For more than a decade, Greenwich Associates has documented shifts in FX trading volume—first from traditional voice-enabled trades with sales traders to electronic trading systems, and then from proprietary, single-dealer platforms to multi-dealer systems in which dealers compete for client trades. In recent years, usage and trading volumes have climbed on multi-dealer platforms, while falling on single-dealer systems. Over the past 12 months, however, the erosion of single-dealer systems came to an at least temporary halt.

Some large banks have continued to make major investments in their proprietary FX trading platforms, and apparently those investments are starting to pay off. Although the share of global FX market participants trading on multi-dealer platforms continued to grow last year, the share using single-dealer platforms held steady, while the share of customers using both types climbed. Meanwhile, among accounts that trade electronically, the share of overall market trading volume executed on single-dealer platforms was stable year-to-year at 12%.

“While some dealers are agnostic about where they find business and are happy to compete for business on price-driven multi-dealer platforms, others are trying to drive business to proprietary single-dealer platforms that are more conducive to longer-term, higher-value relationships,” says Greenwich Associates consultant Satnam Sohal.
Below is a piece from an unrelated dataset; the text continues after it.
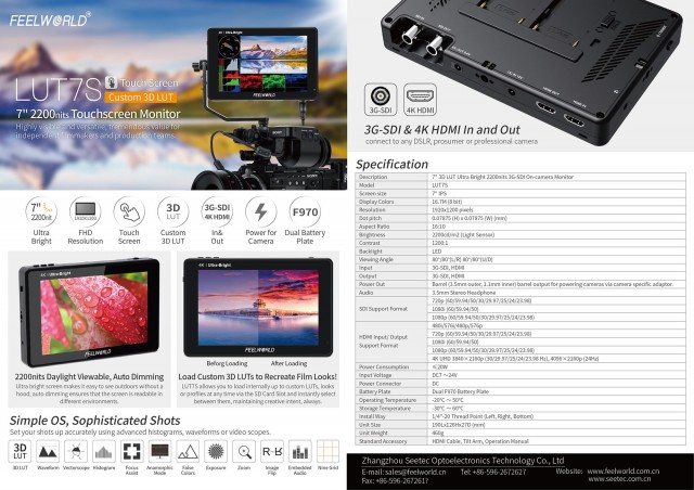 7“ kamerový monitor s vysokým jasem (2.200 cd/m², vč. senzoru okolního osvětlení pro automatické nastavení jasu), dotykovým displejem a podporou 3D LUT korekcí (integrovaný preset „Log to Rec.709“ nebo import vlastních .cube souborů). Dodává se vč. Mini/ Micro HDMI-HDMI kabelu a montážního ramínka. Varianta LUT7S s 4K HDMI a 3G-SDI I/O.
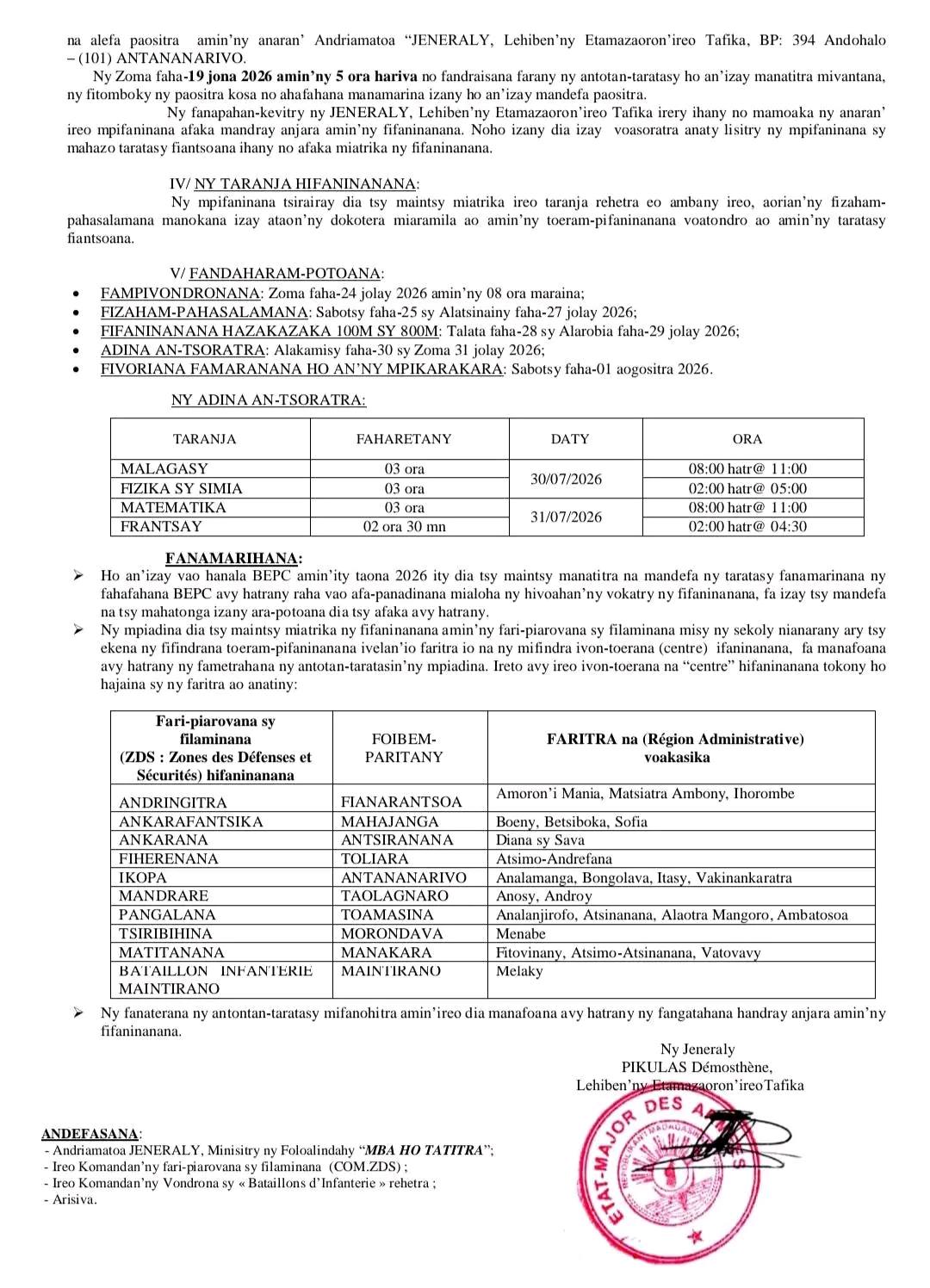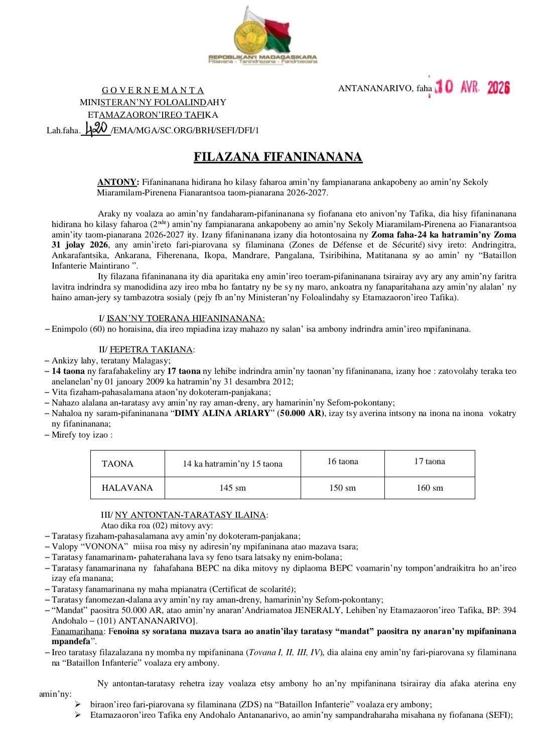 FILAZANA FIFANINANA SEMIPI FIANARANTSOA 2026 HO AN'NY TAOM-PIANARANA 2026-2027

Banks view algorithmic trading as another means of building sticky relationships within target segments of the market. Several U.S. and European dealers have been investing heavily to build, improve and roll out algorithms to the buy side in foreign exchange. “Accounts trading via algo execution tools trade at least 20% of their spot volume this way,” notes Greenwich Associates consultant Thomas Jacques.

Greenwich Associates consultants Andrew Awad, James Borger, Woody Canaday, Frank Feenstra, Thomas Jacques, Peter Kane, Tim Sangston, Satnam Sohal, Taeko Sumiyoshi, and Tomio Sumiyoshi specialize in foreign exchange and derivatives globally

Methodology

Greenwich Associates conducted interviews with 2,393 users of foreign exchange globally, of which 1,536 are top-tier accounts, at large corporations and financial institutions on market trends and their relationships with their dealers.

To be considered top tier, a firm must be either a central bank, a government agency, a hedge fund, a fund manager, a FT100 global firm, a firm with reported trading volume of more than $10 billion, or a firm with reported sales of more than $5 billion. Interviews were conducted in North America, Latin America, Europe, Asia, and Japan between September and November 2016.